_Task statement_. Word for word, set down the lines from the one that contains "Villa Infinity is" through the final line of the data; no pictures belong in the copy.
Start of Data provided
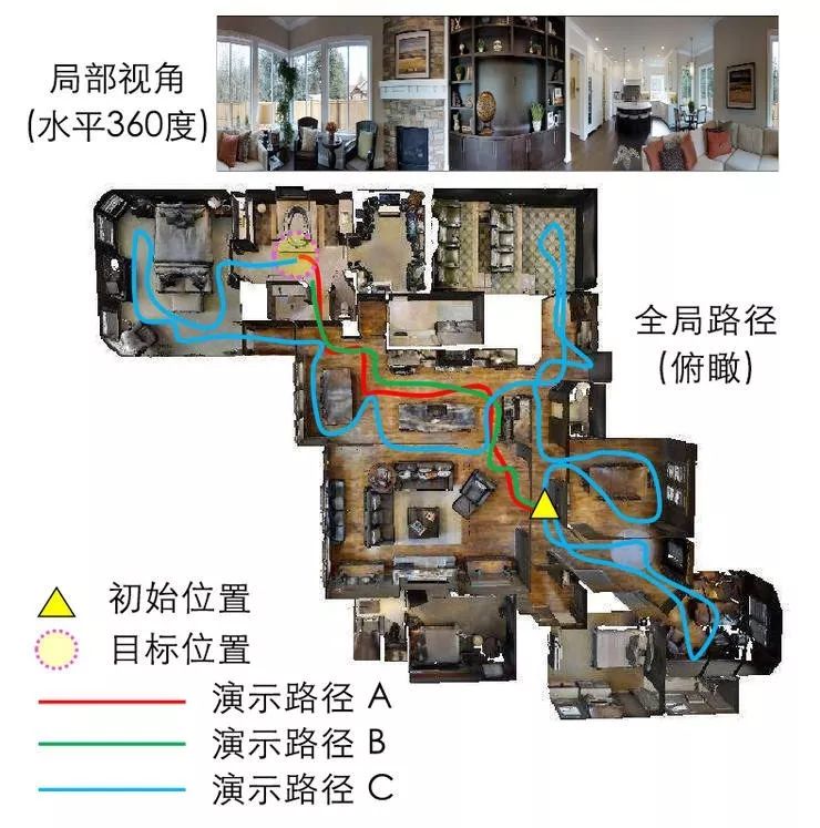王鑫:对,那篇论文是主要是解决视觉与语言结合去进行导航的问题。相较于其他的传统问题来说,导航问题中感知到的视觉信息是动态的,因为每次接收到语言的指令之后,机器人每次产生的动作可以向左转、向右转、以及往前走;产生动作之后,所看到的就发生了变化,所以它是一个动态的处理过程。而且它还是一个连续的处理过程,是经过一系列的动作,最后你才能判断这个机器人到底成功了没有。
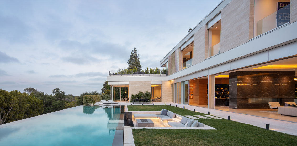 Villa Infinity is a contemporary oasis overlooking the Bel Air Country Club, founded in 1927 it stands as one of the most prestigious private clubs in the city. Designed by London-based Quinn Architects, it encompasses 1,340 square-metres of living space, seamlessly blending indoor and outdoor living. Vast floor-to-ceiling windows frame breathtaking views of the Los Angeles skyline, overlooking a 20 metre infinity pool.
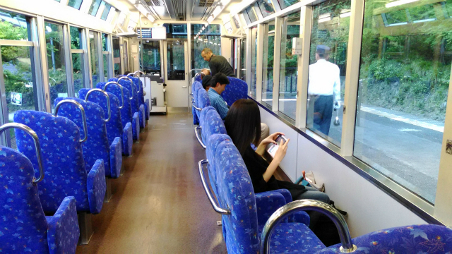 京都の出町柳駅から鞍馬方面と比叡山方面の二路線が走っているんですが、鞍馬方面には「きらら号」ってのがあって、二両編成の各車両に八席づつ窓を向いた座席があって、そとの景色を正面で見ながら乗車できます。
End of Data provided
_Reply to the task_.
 Villa Infinity is a contemporary oasis overlooking the Bel Air Country Club, founded in 1927 it stands as one of the most prestigious private clubs in the city. Designed by London-based Quinn Architects, it encompasses 1,340 square-metres of living space, seamlessly blending indoor and outdoor living. Vast floor-to-ceiling windows frame breathtaking views of the Los Angeles skyline, overlooking a 20 metre infinity pool.
 京都の出町柳駅から鞍馬方面と比叡山方面の二路線が走っているんですが、鞍馬方面には「きらら号」ってのがあって、二両編成の各車両に八席づつ窓を向いた座席があって、そとの景色を正面で見ながら乗車できます。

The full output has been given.